Buckman bought the rights and sold them on to a British publisher after meeting Holmwood and discovering how little of the series was available in English. “Anna did a sample chapter of the first of the Condor Heroes books and I sent it out to various publishers. My old friend Christopher MacLehose, who specialises in translated masterpieces, had discovered from a Chinese friend how Jin Yong’s work was like Simenon’s is to the French or Tolstoy’s to the Russians – a part of the common culture, with one generation of readers passing on their enthusiasm to the next,” he said.

Although there have been academic translations published over a decade ago, including an edition of The Deer and the Cauldron translated by John Minford, attempts to tackle the wider work have been abandoned.
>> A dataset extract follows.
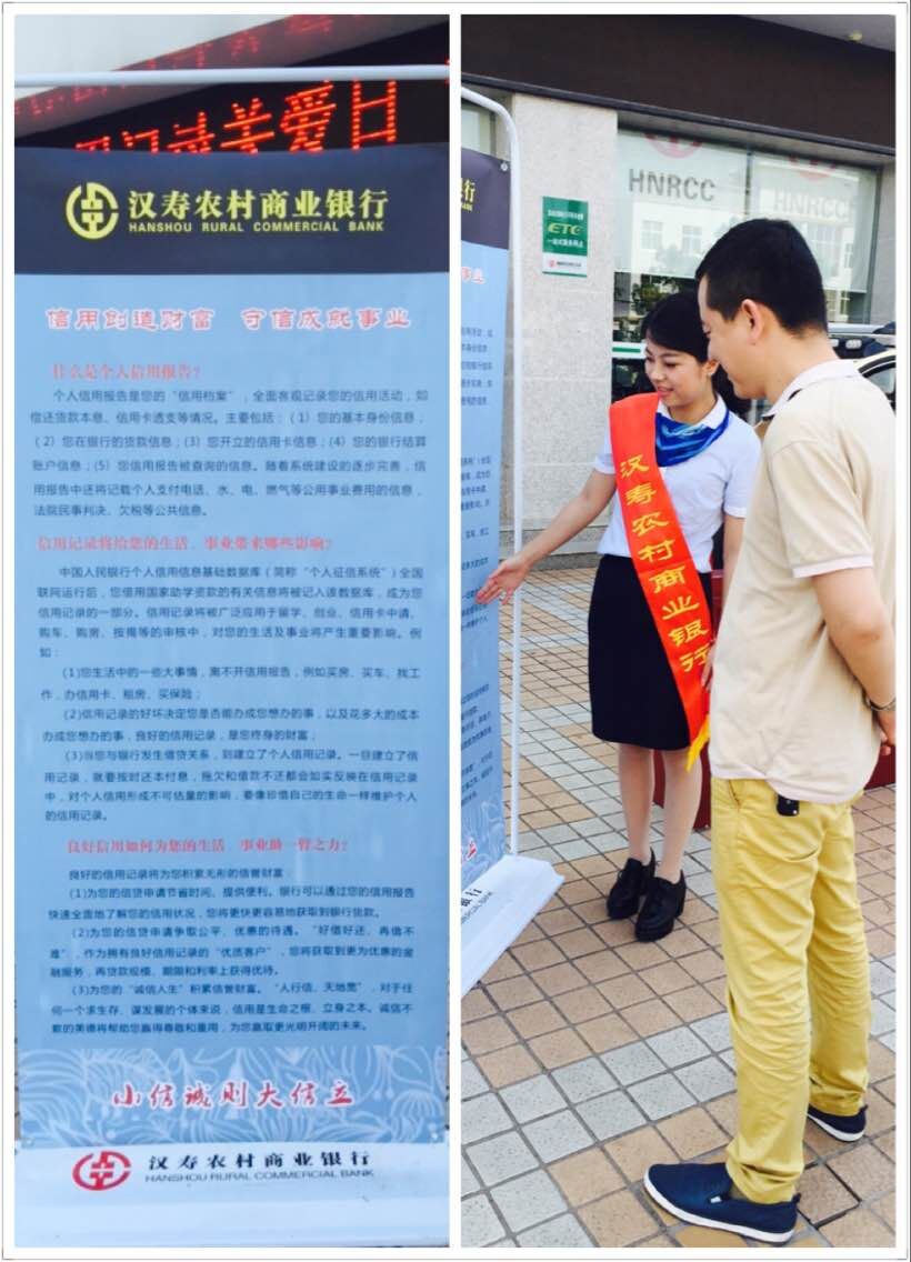 “大叔,您了解信用记录的一些小知识吗?”“大哥,过来扫一扫,测一测,摇一摇吧,意外惊喜等着您哦!”……6月14日,汉寿农商银行成立宣传小分队,开展了一场以“6.14信用记录关爱日—珍爱您的信用记录”为主题的宣传活动。
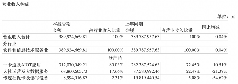 在业务结构上,一卡通及AIOT应用业务实现收入3.12亿元,占营收比重提升至80.03%,同比增加10.51%;传统社保卡及读写设备继续压降至2.31%,同比减少54.62%;人社运营及大数据服务业务实现收入0.69亿元,同比减少21.73%。

Holmwood, who studied Chinese at Oxford University, first discovered the book in Taipei and later moved to Hangzhou, in east China, while she worked on her translation.

Fellow translators are now being drafted in to help with the task, but the challenge facing all of them is to faithfully represent the kung fu moves along with the Chinese philosophies and religions that are all woven through the plot. Even the fighting skill of the warrior in A Hero Born, for instance, which literally translate as “the 18 palm attacks to defeat dragons”, is in fact derived from a Taoist classic ascribed to Lao Tzu, dating from 2,500 years ago, and has a strong philosophical element in addition to movement.

“I am of the belief that a lot of readers like a bit of a challenge as they go along,” said Holmwood, who now lives in Malmö, Sweden, with her Taiwanese husband and son. That is why fans of Lord of the Rings try to learn Elvish. So I don’t explain everything, although I have written a very short prologue to introduce some of the elements of the story.”